--- Collected data Enclosed Below ---

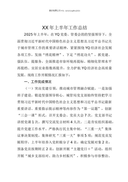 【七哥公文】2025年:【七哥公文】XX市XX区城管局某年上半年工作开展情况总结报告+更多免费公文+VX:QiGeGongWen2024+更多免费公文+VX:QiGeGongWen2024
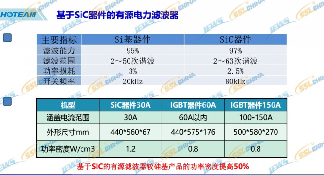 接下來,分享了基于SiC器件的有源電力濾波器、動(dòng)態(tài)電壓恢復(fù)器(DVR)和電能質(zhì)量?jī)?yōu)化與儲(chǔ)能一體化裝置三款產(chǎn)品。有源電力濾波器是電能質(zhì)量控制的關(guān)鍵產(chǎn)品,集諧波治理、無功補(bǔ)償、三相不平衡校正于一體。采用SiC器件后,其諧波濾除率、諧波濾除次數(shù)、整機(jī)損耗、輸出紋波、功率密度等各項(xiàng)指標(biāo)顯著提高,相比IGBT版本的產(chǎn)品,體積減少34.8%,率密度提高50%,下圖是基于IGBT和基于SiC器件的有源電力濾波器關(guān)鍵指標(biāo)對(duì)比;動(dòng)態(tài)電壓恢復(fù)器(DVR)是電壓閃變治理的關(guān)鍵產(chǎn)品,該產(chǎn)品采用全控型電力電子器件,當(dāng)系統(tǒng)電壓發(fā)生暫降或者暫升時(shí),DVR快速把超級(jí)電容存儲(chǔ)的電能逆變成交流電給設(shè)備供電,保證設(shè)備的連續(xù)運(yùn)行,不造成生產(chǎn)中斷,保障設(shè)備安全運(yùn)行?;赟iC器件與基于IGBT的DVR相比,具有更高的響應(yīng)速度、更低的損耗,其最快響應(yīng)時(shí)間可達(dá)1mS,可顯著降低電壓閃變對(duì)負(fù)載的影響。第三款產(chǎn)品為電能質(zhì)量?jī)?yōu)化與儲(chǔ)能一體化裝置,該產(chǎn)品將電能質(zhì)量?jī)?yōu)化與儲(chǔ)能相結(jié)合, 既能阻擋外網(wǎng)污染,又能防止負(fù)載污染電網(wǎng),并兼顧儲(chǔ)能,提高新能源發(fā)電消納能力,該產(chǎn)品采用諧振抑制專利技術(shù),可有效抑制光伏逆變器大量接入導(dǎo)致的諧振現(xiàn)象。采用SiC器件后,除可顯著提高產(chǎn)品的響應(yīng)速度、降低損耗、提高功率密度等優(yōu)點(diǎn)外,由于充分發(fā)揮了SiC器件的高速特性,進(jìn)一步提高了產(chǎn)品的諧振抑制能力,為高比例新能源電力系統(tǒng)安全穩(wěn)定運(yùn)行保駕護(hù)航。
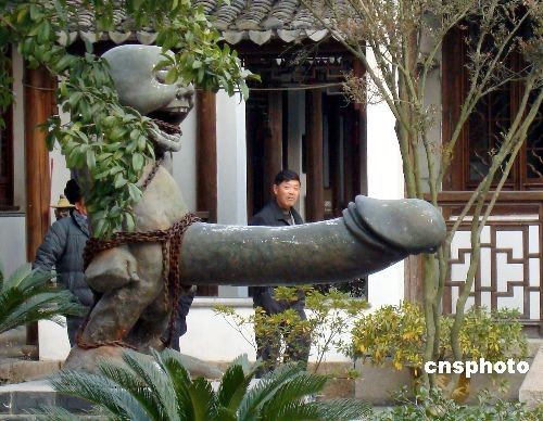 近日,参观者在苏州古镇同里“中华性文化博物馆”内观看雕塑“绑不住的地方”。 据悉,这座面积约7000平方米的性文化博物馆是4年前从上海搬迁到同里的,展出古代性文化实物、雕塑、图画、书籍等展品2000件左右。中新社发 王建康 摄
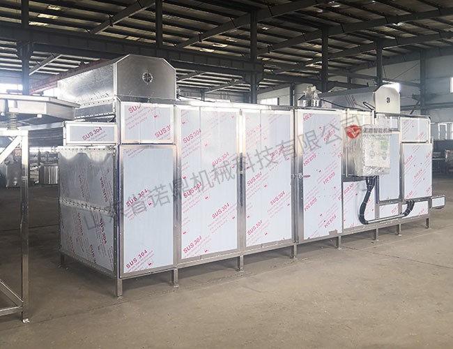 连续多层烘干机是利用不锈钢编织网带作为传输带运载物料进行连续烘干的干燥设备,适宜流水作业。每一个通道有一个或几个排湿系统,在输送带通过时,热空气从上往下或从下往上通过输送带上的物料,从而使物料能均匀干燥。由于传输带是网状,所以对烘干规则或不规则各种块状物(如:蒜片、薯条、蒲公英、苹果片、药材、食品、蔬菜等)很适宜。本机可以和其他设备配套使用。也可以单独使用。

--- End of Enclosed Collected data ---

*Task to carry out*:
Ignoring the pictures, write out word for word the lines from the line containing "接下來,分享了基于SiC器件" through the end of the material above.

*Task output*:
 接下來,分享了基于SiC器件的有源電力濾波器、動(dòng)態(tài)電壓恢復(fù)器(DVR)和電能質(zhì)量?jī)?yōu)化與儲(chǔ)能一體化裝置三款產(chǎn)品。有源電力濾波器是電能質(zhì)量控制的關(guān)鍵產(chǎn)品,集諧波治理、無功補(bǔ)償、三相不平衡校正于一體。采用SiC器件后,其諧波濾除率、諧波濾除次數(shù)、整機(jī)損耗、輸出紋波、功率密度等各項(xiàng)指標(biāo)顯著提高,相比IGBT版本的產(chǎn)品,體積減少34.8%,率密度提高50%,下圖是基于IGBT和基于SiC器件的有源電力濾波器關(guān)鍵指標(biāo)對(duì)比;動(dòng)態(tài)電壓恢復(fù)器(DVR)是電壓閃變治理的關(guān)鍵產(chǎn)品,該產(chǎn)品采用全控型電力電子器件,當(dāng)系統(tǒng)電壓發(fā)生暫降或者暫升時(shí),DVR快速把超級(jí)電容存儲(chǔ)的電能逆變成交流電給設(shè)備供電,保證設(shè)備的連續(xù)運(yùn)行,不造成生產(chǎn)中斷,保障設(shè)備安全運(yùn)行?;赟iC器件與基于IGBT的DVR相比,具有更高的響應(yīng)速度、更低的損耗,其最快響應(yīng)時(shí)間可達(dá)1mS,可顯著降低電壓閃變對(duì)負(fù)載的影響。第三款產(chǎn)品為電能質(zhì)量?jī)?yōu)化與儲(chǔ)能一體化裝置,該產(chǎn)品將電能質(zhì)量?jī)?yōu)化與儲(chǔ)能相結(jié)合, 既能阻擋外網(wǎng)污染,又能防止負(fù)載污染電網(wǎng),并兼顧儲(chǔ)能,提高新能源發(fā)電消納能力,該產(chǎn)品采用諧振抑制專利技術(shù),可有效抑制光伏逆變器大量接入導(dǎo)致的諧振現(xiàn)象。采用SiC器件后,除可顯著提高產(chǎn)品的響應(yīng)速度、降低損耗、提高功率密度等優(yōu)點(diǎn)外,由于充分發(fā)揮了SiC器件的高速特性,進(jìn)一步提高了產(chǎn)品的諧振抑制能力,為高比例新能源電力系統(tǒng)安全穩(wěn)定運(yùn)行保駕護(hù)航。
 近日,参观者在苏州古镇同里“中华性文化博物馆”内观看雕塑“绑不住的地方”。 据悉,这座面积约7000平方米的性文化博物馆是4年前从上海搬迁到同里的,展出古代性文化实物、雕塑、图画、书籍等展品2000件左右。中新社发 王建康 摄
 连续多层烘干机是利用不锈钢编织网带作为传输带运载物料进行连续烘干的干燥设备,适宜流水作业。每一个通道有一个或几个排湿系统,在输送带通过时,热空气从上往下或从下往上通过输送带上的物料,从而使物料能均匀干燥。由于传输带是网状,所以对烘干规则或不规则各种块状物(如:蒜片、薯条、蒲公英、苹果片、药材、食品、蔬菜等)很适宜。本机可以和其他设备配套使用。也可以单独使用。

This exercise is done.